– Je l'avais élevé et nous ne nous sommes jamais séparés depuis.
Il raconta que l'ours l'accompagnait dans tous ses voyages, ce qui parfois créait quelque complication, mais amenait beaucoup de détente joyeuse parmi les clients plutôt réticents à sortir leurs écus. L'ours savait danser et exécuter quelques tours. Mais où il était imbattable, c'était en lutte. Les plus costauds des villages se mesuraient avec lui. Il était beau joueur et leur laissait leur chance, puis d'un coup de patte aimable et comme par négligence, triomphait de ces matamores.
– Willoagby... dit le révérend Patridge rêveur, mais j'ai connu, me semble-t-il, un pasteur de ce nom du côté de Watertown.
– C'est bien possible, admit l'autre. Mon ami ci-présent ressemblait tellement à cet honorable ecclésiastique qui me faisait fort peur, mais m'amusait aussi, dans ma jeunesse que je lui ai donné son nom.
– Voici une marque d'irrespect caractérisé, dit sévèrement Thomas Patridge offusqué, puis menaçant. Ceci pourrait vous amener de graves ennuis...
– Le Connecticut n'est pas le Massachusetts, ne vous en déplaise, révérend. Chez nous, les gens sont libéraux et aiment rire.
– Pays de tavernes, grommela le pasteur, buveurs de rhum dès la naissance.
– Mais nous avons une Constitution à nous et nous ne voyageons pas le dimanche pour satisfaire le Seigneur.

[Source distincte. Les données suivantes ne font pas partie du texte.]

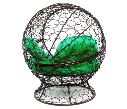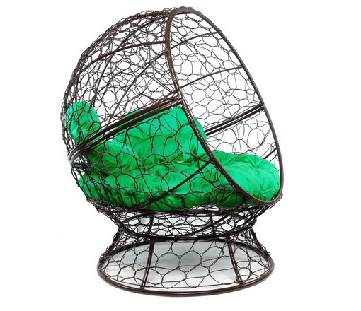 Кресло Апельсин с ротангом (коричневое, зелёная подушка)

Content de lui, Élie Kempton sortait alors de ses poches du tabac, des images, des dentelles, de petites montres. Il avait de tout, pour intéresser les plus éloignés des colons ou plutôt les femmes des colons des plus lointains établissements de toutes les contrées, et, ayant caboté dans le moindre recoin de toutes les baies, il savait mieux que quiconque ce qu'on peut trouver en tel endroit, dont on est privé dans tel autre, ce qui peut faire briller les yeux d'une jeune fille et susciter la moue d'une autre, ce qui peut ravir un enfant ou un grand-père, éclairer d'une joie pure, par la présence d'un objet aimé ou indispensable, la plus humble cabane.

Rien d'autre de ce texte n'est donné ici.